> [THE PROBLEM]
From the data below, please reproduce exactly everything from the line that contains "O campeonato será" down to the line that contains "Contrat de vente", with both ends included.

> [PROVIDED RECORDS]
☆ ☆ ☆

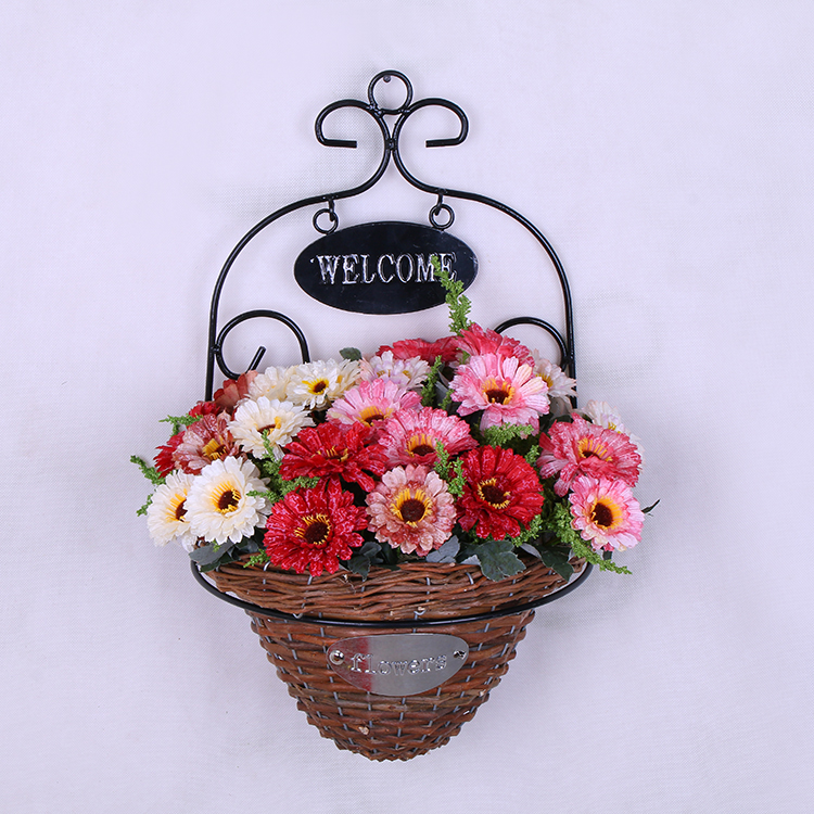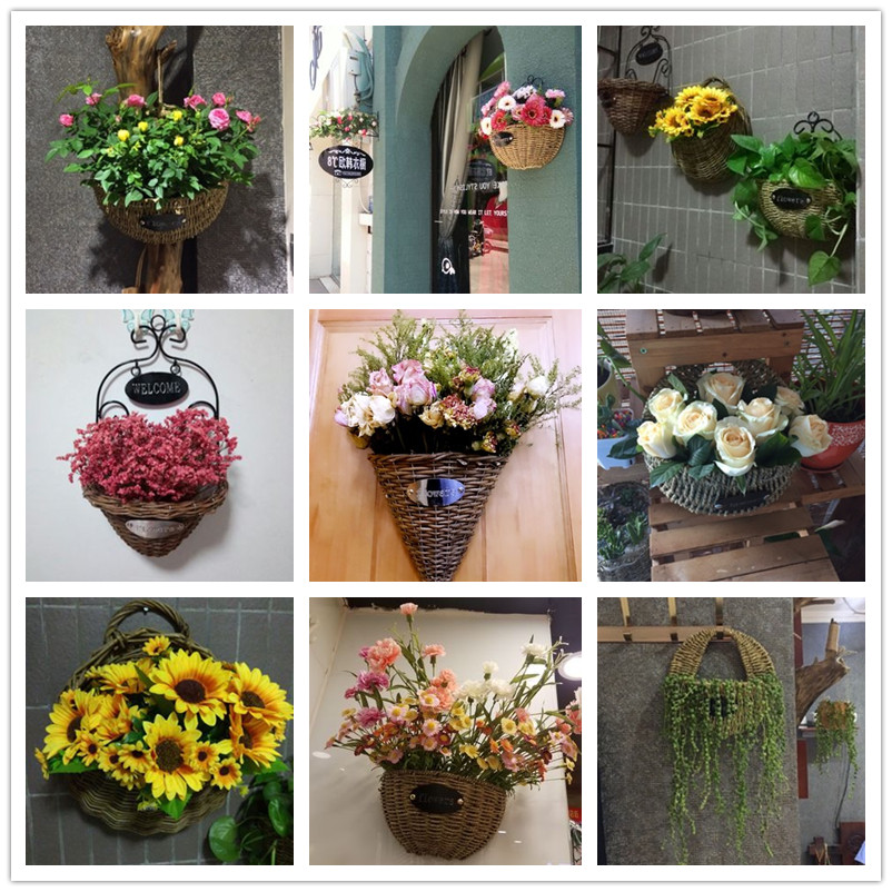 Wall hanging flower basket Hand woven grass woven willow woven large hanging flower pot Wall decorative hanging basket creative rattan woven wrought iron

☆ ☆ ☆

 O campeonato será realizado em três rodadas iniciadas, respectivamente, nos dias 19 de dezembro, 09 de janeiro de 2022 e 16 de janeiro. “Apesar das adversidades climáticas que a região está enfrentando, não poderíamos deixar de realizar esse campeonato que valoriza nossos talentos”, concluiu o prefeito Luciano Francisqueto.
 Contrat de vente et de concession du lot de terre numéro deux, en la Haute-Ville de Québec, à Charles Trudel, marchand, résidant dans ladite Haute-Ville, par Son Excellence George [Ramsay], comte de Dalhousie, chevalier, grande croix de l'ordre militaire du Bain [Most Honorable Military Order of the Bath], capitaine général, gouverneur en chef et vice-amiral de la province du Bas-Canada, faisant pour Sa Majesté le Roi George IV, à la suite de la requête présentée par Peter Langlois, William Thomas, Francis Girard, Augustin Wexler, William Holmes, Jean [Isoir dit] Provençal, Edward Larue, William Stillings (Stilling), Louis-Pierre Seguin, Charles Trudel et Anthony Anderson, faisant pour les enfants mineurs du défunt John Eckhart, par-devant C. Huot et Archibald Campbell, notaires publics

☆ ☆ ☆

> [SOLUTION TO THIS TASK]
 O campeonato será realizado em três rodadas iniciadas, respectivamente, nos dias 19 de dezembro, 09 de janeiro de 2022 e 16 de janeiro. “Apesar das adversidades climáticas que a região está enfrentando, não poderíamos deixar de realizar esse campeonato que valoriza nossos talentos”, concluiu o prefeito Luciano Francisqueto.
 Contrat de vente et de concession du lot de terre numéro deux, en la Haute-Ville de Québec, à Charles Trudel, marchand, résidant dans ladite Haute-Ville, par Son Excellence George [Ramsay], comte de Dalhousie, chevalier, grande croix de l'ordre militaire du Bain [Most Honorable Military Order of the Bath], capitaine général, gouverneur en chef et vice-amiral de la province du Bas-Canada, faisant pour Sa Majesté le Roi George IV, à la suite de la requête présentée par Peter Langlois, William Thomas, Francis Girard, Augustin Wexler, William Holmes, Jean [Isoir dit] Provençal, Edward Larue, William Stillings (Stilling), Louis-Pierre Seguin, Charles Trudel et Anthony Anderson, faisant pour les enfants mineurs du défunt John Eckhart, par-devant C. Huot et Archibald Campbell, notaires publics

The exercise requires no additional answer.